The Center for the Arts at the University at Buffalo is a cultural institution established in 1994 on the University at Buffalo North Campus in Amherst. This multidisciplinary arts center is a public venue for theatrical and artistic performances, exhibitions and events, and also is a teaching facility for students in arts disciplines such as media studies, art, theatre, and dance.

The Center for the Arts presents a wide range of high quality performing arts and visual arts for the University, the State and the region, and enhances and augment the academic activities of the fine and performing arts departments at the University at Buffalo.

Through its facilities and programs, the Center for the Arts plays a significant role in accomplishing the mission of the University, presenting enriched educational and cultural opportunities through University performances, state and regional events, and national and international touring productions and exhibits.

==History==
Designed by Gwathmey Siegel & Architects Associates LLC, the building was erected for $50 million. The 236500 sqft facility was opened by the fall semester of 1994 as the Fine Arts Center, and was renamed the Center for the Arts, its current name, later that year.

== Academic use ==

The Center for the Arts also serves as an academic facility for arts programs at the University at Buffalo. A University at Buffalo News Center article published when the building opened described it as containing teaching and administrative areas as well as performance and exhibition spaces. University at Buffalo Libraries identifies the building as housing the academic departments and programs of Visual Studies, Art Management, Media Study, and Theatre and Dance, as well as the UB Art Gallery.

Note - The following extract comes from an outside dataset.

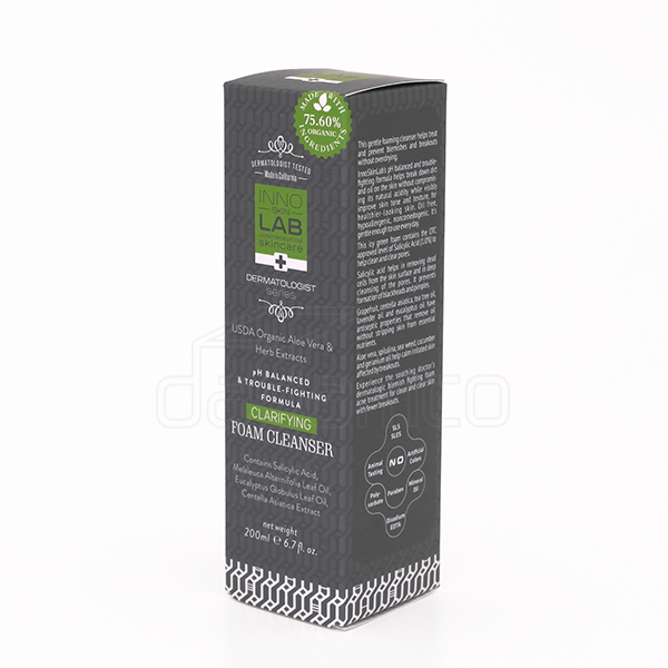 이노랩 클리어파잉 폼 클렌저 업체명 이노코스마 오가닉스 분류 단상자 사양 RIV 350g, 4도 인쇄, 무광 라미네이팅, 맞뚜껑 단상자 특징 직립 거치를 위해 하단부 특수 가공 처리 되었습니다.
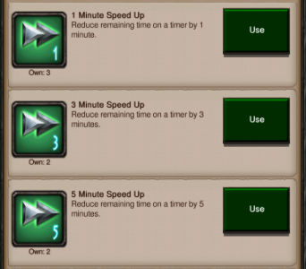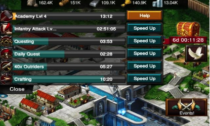 Players can also use speed-up items to speed up the timers in the game. Speed-ups are thrown about liberally in the game through rewards and from in-app purchase bundles and various kickbacks. These speed-ups are a clever piece of game design because they give the player an enormous power into how they want to play during their session.

The building includes performance, exhibition, and media-production spaces. A university building profile lists facilities including the Mainstage Theatre, Drama Theatre, Black Box Theatre, a media screening room, video production and sound studios, galleries, and dance/performance studios. The Department of Media Study describes its facilities in the Center for the Arts as supporting analog film production, digital media production, animation, virtual reality, physical computing, and sound recording.

==Theatres==
=== Mainstage Theatre ===

Seating 1750, the Mainstage is the largest theatre in the Center. Featuring entirely professional productions, this theatre features a computer-tunable wall system for acoustics, a movable proscenium, a custom built orchestra shell, and a large 106 ft wide by 48 ft deep stage.

===Drama Theatre===
The Center's other proscenium theatre, the Drama Theatre is a smaller theatre (seating 400). Like its larger companion, it too features a movable proscenium. It is fully trapped. It is 69 ft wide by 34 ft deep.

===Black Box Theatre===
The smallest of the theatres in the facility, the Black Box Theatre, is designed with the standard flexibility of a Black box theater, supporting 175 seats in various configurations.